[UNITED STATES] A significant share of Americans continue to view real estate and gold as the most reliable long-term investments—an outlook that some financial advisors argue misses the mark.
Roughly 37% of U.S. adults named real estate as the top long-term investment in a recent Gallup survey, a figure nearly unchanged from last year’s 36%. Gold ranked second, with 23% selecting it as their preferred option, up five percentage points from 2024.
Analysts suggest that gold’s rising appeal is likely fueled by ongoing economic volatility, including persistent inflation and geopolitical tensions—factors that traditionally boost demand for "safe haven" assets. Meanwhile, real estate continues to attract attention for its perceived stability, even as high mortgage rates and affordability concerns challenge the housing market.

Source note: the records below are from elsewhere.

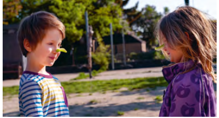
Abbildung 15+16: Kinder kommen im Freispiel auf die schönsten Ideen.

Darauf aufbauend sind die Kinder der Ausgangspunkt für die Bildung: Sie zeigen uns, für welche Themen sie sich interessieren. Kinder suchen nach neuen Erfahrungen und Erlebnissen. Darauf gehen wir ein.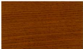
W-06/ダークウォルナット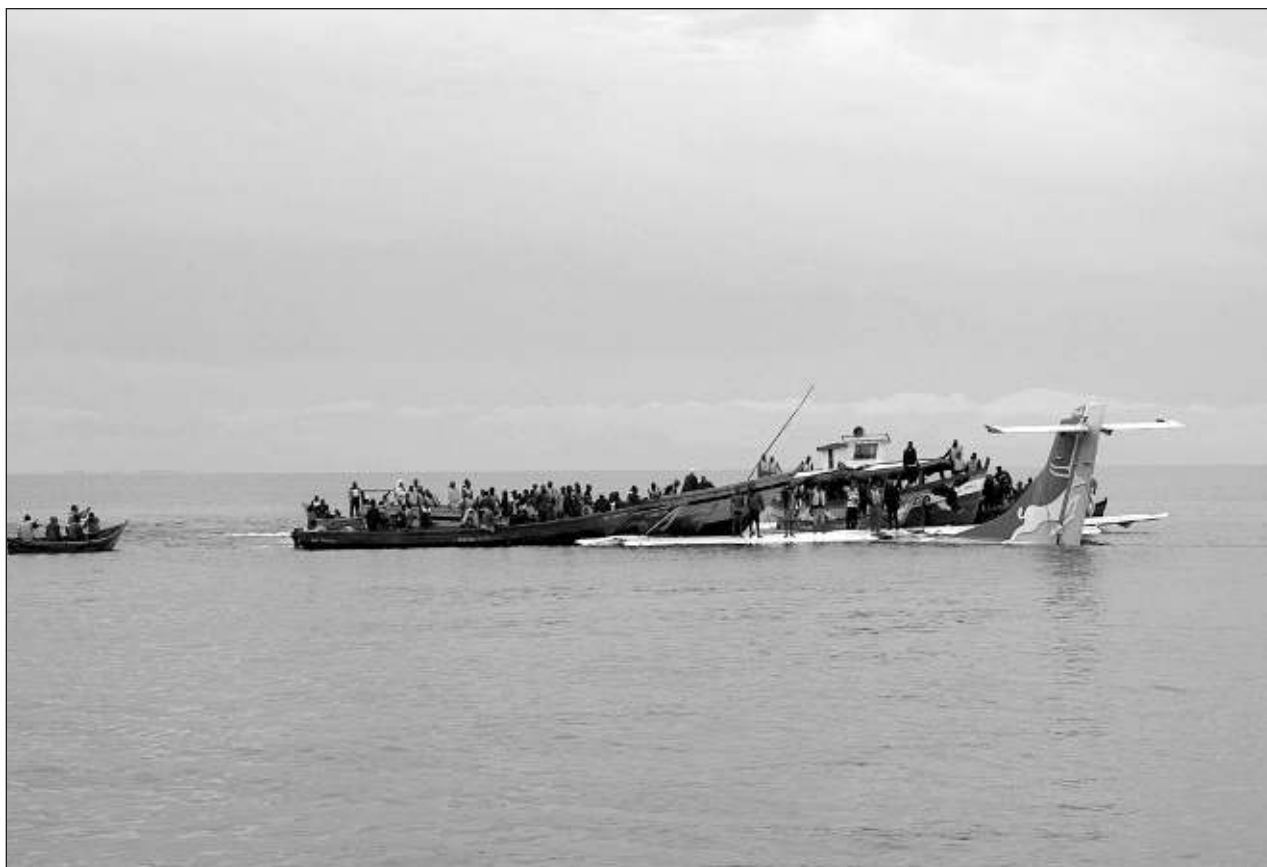
▲ Videos divulgados en los medios locales mostraban al avión parcialmente sumergido, mientras los rescatistas en el agua intentan salvar a los supervivientes. También se veía cómo intentan, con cables y grúas, levantar el avión y sacarlo fuera del agua.

A inicios de septiembre, Henry anunció que su administración ya no podía subsidiar la gasolina, lo que llevó a pronunciados aumentos de precios, que a su vez causaron enormes protestas.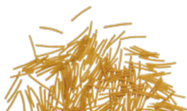
le Integrali Capellini Spezzati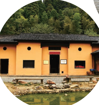
茨坪毛泽东同志旧居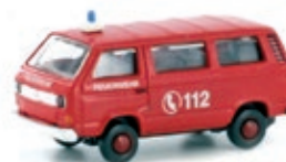
LC4309 VW T3, 2er Set FEUERWEHR UVP 22,99 €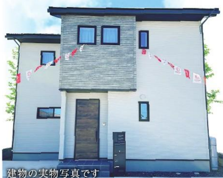
建物の実物写真です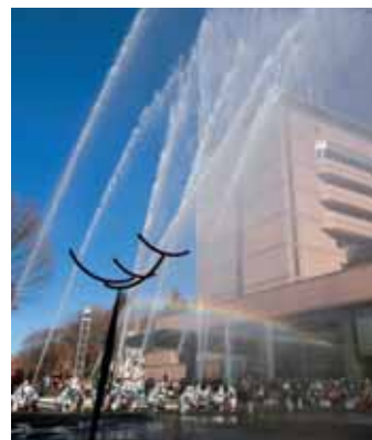
消防団による一斉放水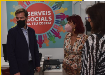
Visita PEF Xàtiva

Sin duda alguna, la implantación del nuevo modelo de Puntos de Encuentro Familiar está siendo posible por la cordial colaboración entre la Generalitat y ayuntamientos que priorizan en sus actuaciones a las niñas, niños y adolescentes, ciudadanos menores de edad con derechos.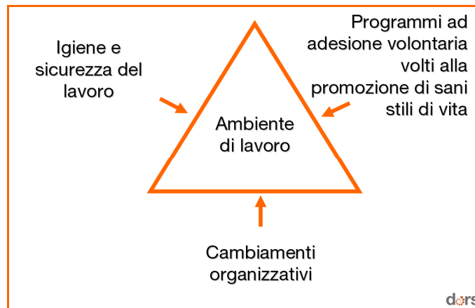
Figura 2 - Il modello canadese per la WHP (THCU, 2004).

Altro modello di riferimento è l' Healthy workplace model xviii xix , sviluppato dall'OMS sulla base delle evidenze e delle buone pratiche disponibili. Questo modello, in linea con la Dichiarazione di Lussemburgo xx (2007), parte dal presupposto che un ambiente di lavoro sicuro e salutare è quello in cui i datori di lavoro, i lavoratori e i soggetti a vario titolo coinvolti collaborano, attraverso un processo di miglioramento continuo, per tutelare e promuovere la sicurezza, la salute e il benessere di tutti i lavoratori.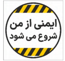
82067-Fa PVC ML LB PS BN 10×10 15×15 21×21 30×30 45×45 60×60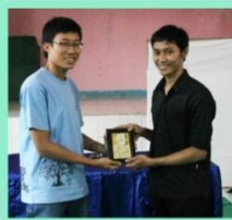
Ketua panitia memberikan plakat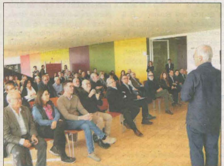
Un moment de l'acte en record de la riuada ahir

ció commemorativa amb imatges dels fets que es pot visitar a la als baixos del Palau de la Paeria fins al 27 de novembre, que, com moltes altres zones properes al riu, van quedar totalment inundats aquells dies. L'exposició compta amb un documental que recull el testimoni de persones de diferents àmbits que ho van viure en primera persona, com ara veïns, personal de salvament i personal municipal. La mostra recull imatges antigues conservades a l'Arxiu Municipal i a l'Arxiu Fotogràfic de l'Institut d'Estudis Ilerdencs. S'han previst uns itineraris per la ciutat els dissabtes per explicar la Riuada.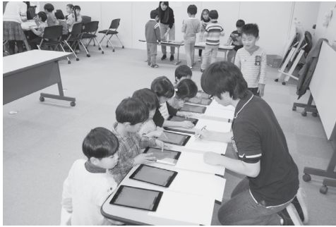
図1. タブレット端末で絵を描く様子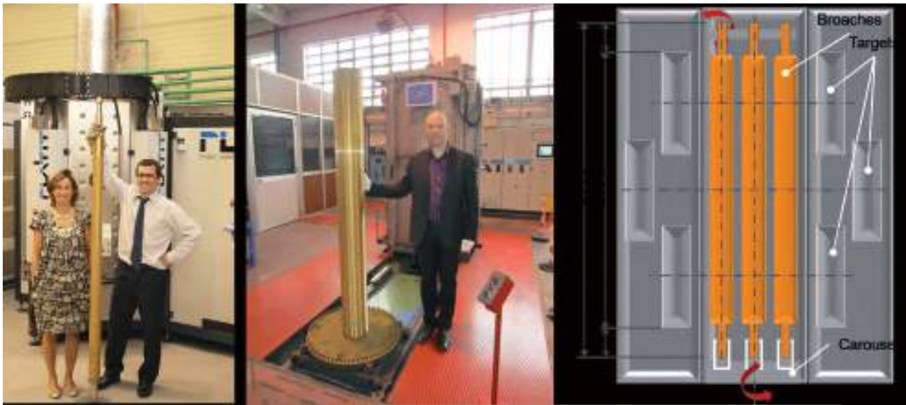
Bild 6: Beschichtungsanlagen für Räumnadeln A; PL1400 mit «Hut» bei Metalestalki, Bilbao, Spanien B; PL2500 bei Genta, Torino, Italien C; PL2511 Projekt mit 6 Kathoden.

Nach der Abscheidung der Haftschrift werden die Shutters der Kathoden geschlossen und mittels des PECVD-Verfahrens (Plasma Enhanced Chemical Vapor Deposition) eine DLC-Schicht (Diamond Like Coating) gebildet. Die DLC-Schicht wird als siliziumgedopteter ((dotierter) amorpher Kohlenstoff mit Wasserstoff gebildet; a-C:H:Si.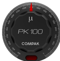
DIAL ALTA PRECISIÓN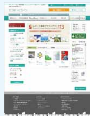
「エコほっとライン」トップページ

CSRレポートは「エコほっとライン」でいつでも無料で請求いただけます。 http://www.ecohotline.com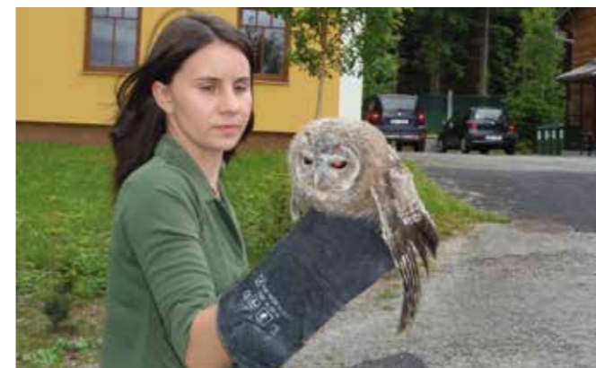
Zachráněný a zotavený puštík před návratem do přírody – více na str. 9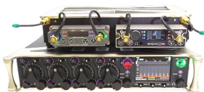
Sound Devices 888 with SL-2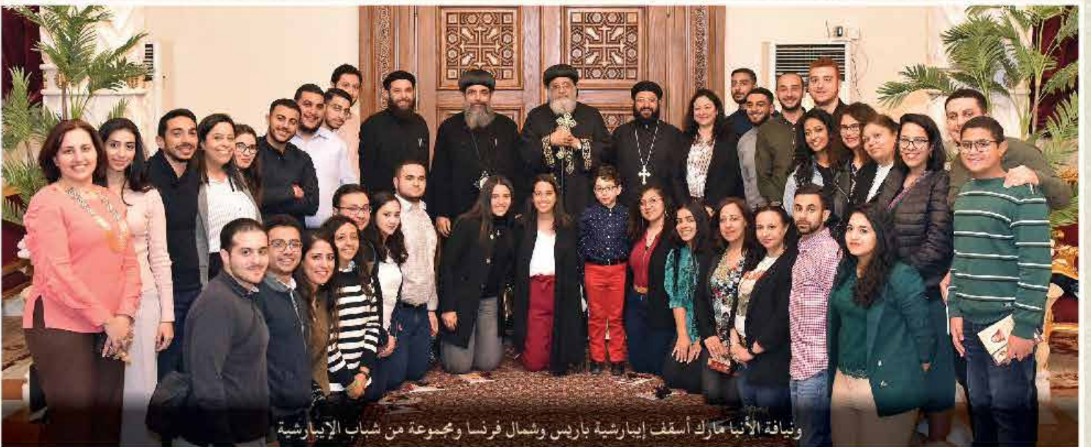
ويناظرة الأنبا مارك أسقف إبارشية باريس وشمال فرنسا ومجموعة من شباب الإبارشية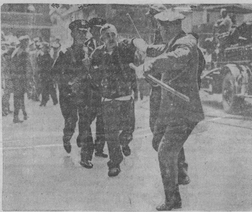
В г. Кливленде (штат Огайо, США) состоялась демонстрация 5000 бастующих рабочих завода «Фишер боди корпорейшн». Полиция напала на демонстрантов и пустила в ход газовые бомбы. На снимке: Полицейские ведут арестованного демонстранта.

Чжен Чен сказал, что по имеющимся в распоряжении китайского командования письмам японских солдат и офицеров можно судить о растущей в японской армии ненависти к войне. «Теперь совершенно ясно, — сказал генерал Чжен Чен, — Япония не сможет выполнить своего плана по завоеванию Китая. Последние успехи китайской армии показывают, что Япония не располагает силой, достаточной для захвата обширных территорий внутри Китая».

In contrast, only 16% of those surveyed identified stocks or mutual funds as the best long-term investment—down six percentage points from the previous year, according to Gallup, which surveyed 1,006 adults in early April.
Financial advisors caution that such preferences are often driven more by perception than financial fundamentals. “People get swept up in the hype,” said Lee Baker, a certified financial planner and president of Claris Financial Advisors in Atlanta. “That’s not always the smartest move.”
Carolyn McClanahan, founder of Life Planning Partners in Jacksonville, Florida, echoed the concern. “People are always chasing what’s hot, and that’s the stupidest thing you could do,” she said.
Why Real Estate and Gold Appeal to Investors
The appeal of real estate and gold may stem from their tangible nature, Baker noted. “A house is something you can touch and feel,” he said. “Stocks can seem abstract.”
Although gold gained popularity this year, its current favorability still falls short of the 34% peak seen in 2011, when investors turned to gold amid high unemployment and a fragile housing market, Gallup reported.
Gold often benefits when the U.S. dollar weakens or inflation expectations rise. However, its lack of yield—unlike interest-bearing bonds or dividend-paying stocks—can be a drawback for long-term investors. Still, gold prices have surged recently, climbing past $3,500 per ounce in late April, compared to around $2,200–$2,300 just a year earlier.
Real estate has also seen heightened interest in recent years amid surging demand and price growth. According to Bankrate, the median price for an existing U.S. home in March was $403,700—down from a record $426,900 last June.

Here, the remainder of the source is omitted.